In which, as the year comes to its end, our friends and collaborators look back and share their moments:
There can only really be one thing for me to talk of when it comes to recollections of the past year – Wednesday October 17th, at 5 am, and the birth of our second daughter, Nancy. The whole year has revolved around her birth – my wife’s pregnancy was quickly categorised as medically “high risk”, coming on the back of previous difficulties, and therefore involved frequent visits to Whipps Cross hospital in East London (whose maternity staff we are eternally grateful to it should be noted). However, our problems were nothing compared to those some people have to face, and ultimately the stars were correctly aligned, so with a huge sense of relief, great joy, and the seemingly necessary blood sweat & tears Nancy joined us on that day.
But it’s a personal thing, the birth of your child. So, at the risk of a good shoe-ing when my nearest and dearest read this, I will move on and mention another date that resonated with me this year – Sunday July 22nd, and seeing Bradley Wiggins, resplendent in the maillot jaune, riding into Paris and winning the Tour de France with a 3 minute 21 second lead over his teammate, fellow Brit Chris Froome.

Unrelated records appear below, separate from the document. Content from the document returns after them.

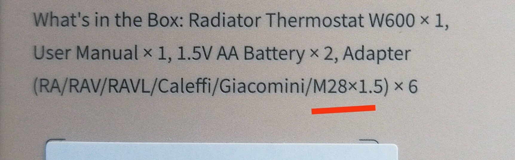 The new W600 radiator thermostat is described as being compatible with M28 x 1.5mm valves. My radiators have valves that take the E1 thermostat (without adaptors) but I think the E1 is describled as compatible with M30 x 1.5mm valves. Does this mean the W600 has a different thread and won’t fit as a direct replacement for an E1, or is one of the specifactions perhaps wrong?
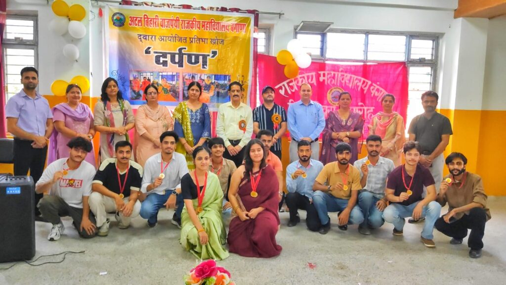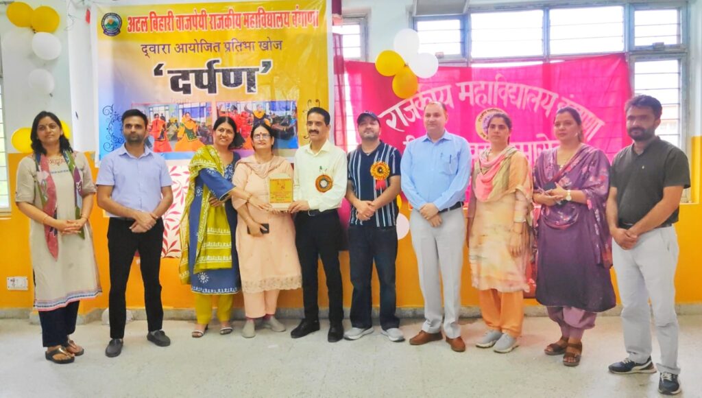 ऊना/सुशील पंडित: अटल बिहारी वाजपेयी राजकीय महाविद्यालय, बंगाणा में आज दो दिवसीय कार्यक्रम “प्रतिभा खोज – दर्पण 2025” का भव्य समापन हुआ। कार्यक्रम की अध्यक्षता संयोजक प्रो. अनु लखनपाल ने की, जबकि मुख्य अतिथि के रूप में महाविद्यालय के प्राचार्य डॉ. रमेश ठाकुर उपस्थित रहे। उन्होंने दीप प्रज्वलित कर कार्यक्रम का शुभारंभ किया। मंच संचालन वैदेही शर्मा और तनु ठाकुर ने किया।
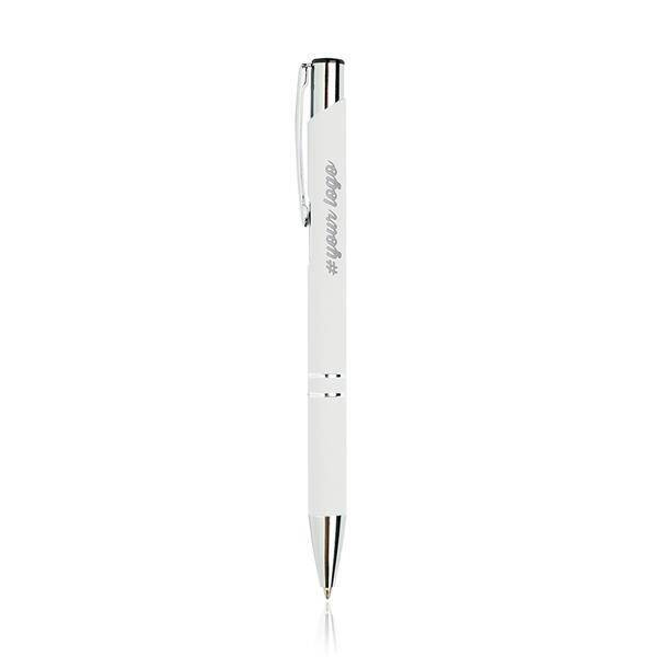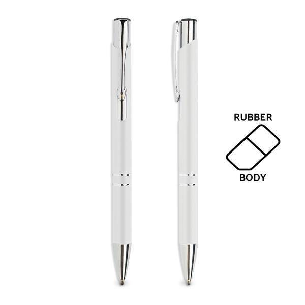 Długopis aluminiowy z gumowaną powierzchnią, soft touch oraz z mechanizmem wciskanym.

It’s not often I have a lump in my throat let alone a swelling of national pride in my chest, but that afternoon I did (I had been drinking though – that may have been to blame).

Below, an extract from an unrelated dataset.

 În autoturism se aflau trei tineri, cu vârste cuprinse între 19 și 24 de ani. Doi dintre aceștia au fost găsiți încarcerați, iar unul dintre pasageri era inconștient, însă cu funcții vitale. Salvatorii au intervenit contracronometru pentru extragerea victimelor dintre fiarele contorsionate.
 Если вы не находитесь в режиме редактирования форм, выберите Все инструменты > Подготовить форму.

This was a big deal though – the race itself has been going since 1903, and I’ve been watching it since about 1988 in a semi-fanatical state – but finally, it had been done: a British rider had won the Tour de France. Bloody hell.
Purists may complain Wiggins’ Team Sky had bought the race, with riders who would be team leaders elsewhere acting in servitude to Wiggins, riding en masse at the front of the pack all day long, discouraging breakaway attacks (far from a new tactic) and so on. But in the end Wiggins was the strongest rider, and best suited to this year’s course by a country mile. The fact that he backed up his athletic performance by colourfully swearing at journalists who implied he was doping, then joking to the assembled throng on the Champs Elysees that Sunday afternoon from the top step of the podium they were about to draw the raffle just confirmed it – he was one of us, just a regular bloke, albeit one who could ride a bike far better than you or I could dream of.
Then he went and won an Olympic gold medal the following Thursday, as you do of course. And a new national treasure was born.